Jammu and Kashmir government has opposed the Centralized Selection Mechanism (CSM) for appointments in the subordinate judiciary citing the reason that the state enjoys special status under the constitution of India.
Pertinently, the Supreme Court of India had sent a concept note to all the states with a proposal for a Centralized Selection Mechanism for appointment of Judicial Officers in the subordinate courts of the states and had sought suggestions from all the states.
Since the case involved the interpretation of the constitution, J&K Government hired the services of Rakesh Dwivedi, Senior Advocate in addition to Shoeb Alam, Advocate on record to defend the State.
The State Government filed a detailed affidavit highlighting the constitutional peculiarity before the Apex Court.

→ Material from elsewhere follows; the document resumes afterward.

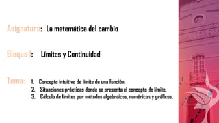 El documento aborda el concepto intuitivo de límite en matemáticas, explorando su aplicación práctica y métodos de cálculo como algebraicos, numéricos y gráficos. Se destaca la importancia de la aproximación a valores específicos y la condición para la existencia del límite, así como ejemplos ilustrativos de funciones. El objetivo es que los estudiantes comprendan y apliquen el concepto de límite en diferentes contextos matemáticos.

The counsels appearing on behalf of Jammu and Kashmir submitted before the apex court that the special constitutional position of J&K state in the Constitution of India makes it clear that centralizing the selection process for appointment of District Judges won’t be in consonance with the constitutional position enjoyed by the state of J&K as the power to appoint District Judges is with the Governor of the State in consultation with the State High Court as per Section-109 of the Constitution of J&K that is different from other states of the country where appointments are being made under Article 233 of the Constitution of India.
“Appointment of District Judges is a Constitutional power vested with the Governor to be exercised in consultation with the State High Court. Thus this power cannot be taken away or abridged by exercise of judicial powers by court,” the J&K counsel argued.
JK government said the High Court in J&K exercises greater independence than the High Courts of other states as the entire state judiciary including the High Court and the subordinate courts are not constituted under the Constitution of India but under the constitution of J&K and the appointment of judges of the JK High Court and District Judges takes place under the constitution of J&K.
The Counsel stated that the proposed CSM will require the state of J&K to recruit candidates from the centralized pool of successful candidates while the J&K state cannot appoint non-permanent resident candidates, as eligibility criteria for appointment as district judges of J&K is prescribed under the Jammu and Kashmir Judicial Services , Rule 9 whereof no person shall be eligible for appointment to the service unless she or he is a permanent resident of J&K state and the citizen of India. The counsel of J&K State said scope of Article-312 of the Constitution of India relating to the All India Services has been extended to the creation of an All India Judicial Service by 42nd amendment Act 1976 and the said amendment has not been extended to the state of J&K.
The counsel on behalf of J&K state stated that the J&K enjoys special relationship unlike other states in the union of India inter alia by virtue of Articles 370 of Constitution of India and that the Constitution of India is applicable to the state of J&K only to the extent it is applied to the state by the exercise of presidential power in terms of Article 370 of Constitution of India.
After hearing the response from the J&K state, Apex Court bench comprising Chief Justice J S Khehar, Justices Adarsh Kumar Goel and A M Khanwilka said a revised concept note will be prepared so that it will be circulated to High Courts of objecting states so that they may be given option to opt out of the CSM.